1. Pluto rules RESURRECTION and transports the mind to the film Pet Cemetery. They always come back worm-eaten, rotting, and awful, don’t they? In essence, they are no longer the same entity. Raising the dead is generally regarded to be something that no one should ever undertake, and this rule holds true regardless of how much a person/black cat is loved. It results in erroneous resurrections, such as when you employ witchcraft to resurrect an old relationship. It’s also possible that it’s why many Plutos turn into mean mojos when they’re treated badly and bring everyone down with them. They appear to have gathered some unearthly – underworld power – during their downtime and have returned to life. Yeah, resurrection supersedes; sometimes a comeback is all that matters, but sometimes the dead must stay dead. Pluto implicitly states that you cannot avoid death, therefore pay attention to the importance of expiration dates and everything will be alright.
2. PSYCHOANALYSIS, which I adore, is ruled by Pluto. Do you really want people rummaging through your mind to figure out why you’re so messed up? Do you want someone to bare your soul by excavating some of your most painful and private memories? If you go over everything again, you’ll discover the hidden reasons behind what’s really wrong with you. It’s uncomfortably uncomfortable, but it does seem to discharge all of your emotional baggage, leaving you feeling spiritually brand new and stuff. You’ll generally feel better about yourself after removing all the psychological sludge from your spirit, possibly even feeling more pristine. Still, you’ll accumulate more emotional junk or resurrect the past, necessitating a return to a shrink for profound wisdom. When someone knows why you’re really scared, the genuine reasons behind it, it’s a little scary. Psychology is extremely useful for dealing with the monsters in your head, but strolling around a junkyard or cemetery late at night and replaying all of the agony is never pleasant. Just talking about my personal scars throughout the years is a place I never want to go back to. Psychology, in the way it loves all of this Dark Night of the Soul crap, is a little spine-chilling.
3. Pluto is the deity of ALL BEGINNINGS and ENDINGS. That is to say, the door can close on you whenever it damn well pleases. There’s no other option. There are no do-overs.

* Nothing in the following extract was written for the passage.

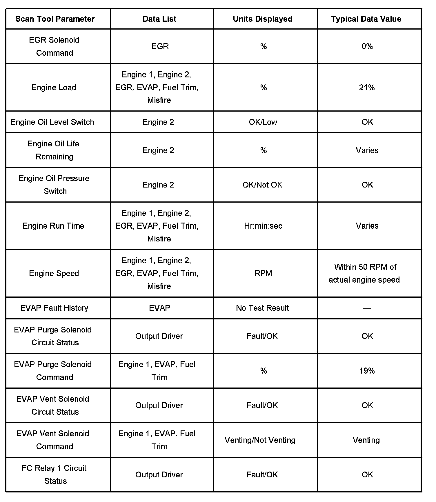 - Exhaust gas recirculation (EGR) Data-Contains information specific to the EGR system. This list displays parameters required to verify proper EGR system operation
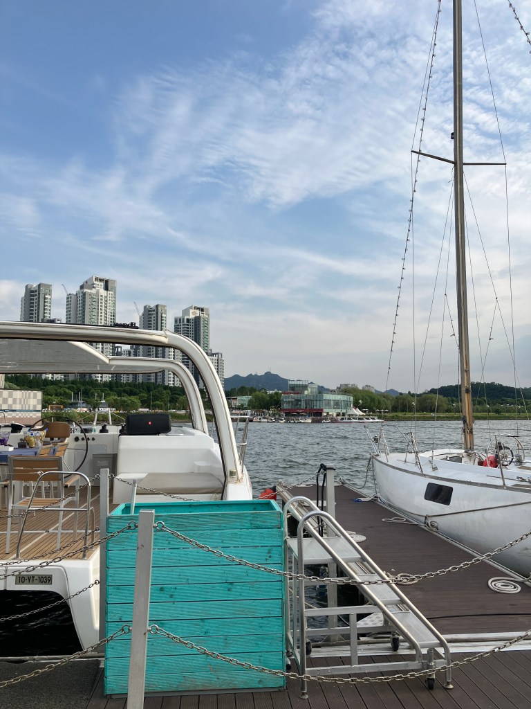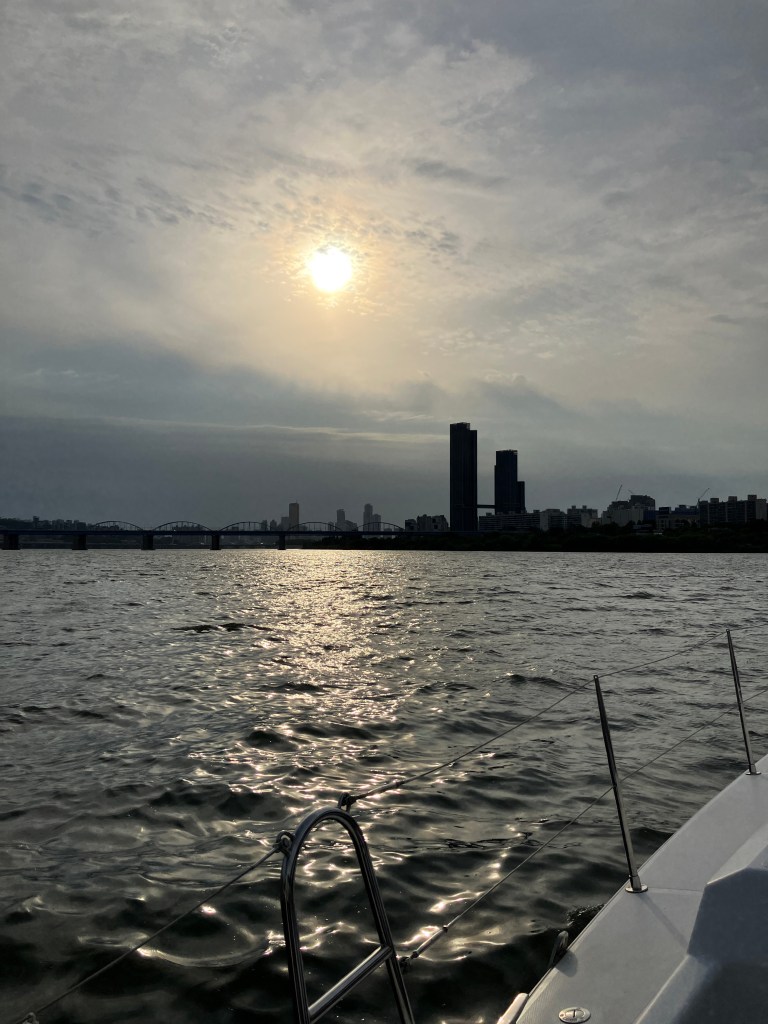 As the sun began its descent, casting a golden hue across the horizon, Seoul revealed its mesmerizing beauty from the vantage point of the river. The cityscape was awe-inspiring, and it felt refreshing to escape the usual routine and appreciate the splendor of the sky. It was a much-needed rejuvenation for us.

There’s no way to do it all over again. Nada. Zero. Zilch. It’s over when it’s truly over. Unfortunately, what has already been written, as well as all of that unsettling prophesy, fatalist, end-of-the-world stuff, cannot be undone.

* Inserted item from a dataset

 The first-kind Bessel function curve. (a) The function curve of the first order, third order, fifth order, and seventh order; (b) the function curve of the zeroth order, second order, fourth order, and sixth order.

4. Pluto is related to the DARK SIDE OF LIFE, akin to the feeling you get when you’re followed home every night by some strange person. It’s terrible to think that there are individuals out there who want to kill you. When it comes down to it, it represents your struggle for survival against an unknown foe, as well as your struggle to combat the darkness and destructiveness that lurks within YOU. It’s not pretty.
5. Pluto is UNFLINCHING. I mean, nothing scares this bloke. NOTHING. What is there to be concerned about when death is your domain? The dark parts of life roll off the back of this Hades guy, who lives in the underworld, like water off a duck’s back. I’m not sure if this gives me the creeps or if it’s just bloody awesome.
6. Pluto signifies the MOST POWERFUL ENERGY that mankind has ever known. You can self-destruct not only on a personal level and say, “Fuck it, I’m outta here for good,” but also on a larger scale. There was atomic power and huge destruction all surrounding Pluto’s discovery. When someone has a terrible day, it’s nice to know you’re powerless against being blown to smithereens. Actually, that is what is frightening, someone else’s destructive power, feeling powerless in the face of society’s ticking time bombs, once again #fightingforsurvival.
7. Pluto rules all of those things you FEAR and you seek to bury these feelings. There are some things I just won’t talk about.
8. You can be cleansed by fire in Pluto’s realm. BURNING IN HELL comes to mind. This, however, is what will allow you to cleanse all of the harmful stuff you’ve been holding onto for so long. You’re reminded that people are traditionally burned after death, and their ashes are scattered wherever they had a strong emotional connection in life. Although fiery transformations aid in the purification of all your sins, they can nonetheless give you Carrie White nightmares. Even though, on the plus side, after everything is burned, you can start afresh. Pluto, according to your astrology textbooks, is all “spiritual,” even if it feels terrifying to light a match to the past, burn bridges, and set fire to ex-boyfriends. It may, however, be the only thing that sets us free and allows us to soar like a phoenix rising from the ashes.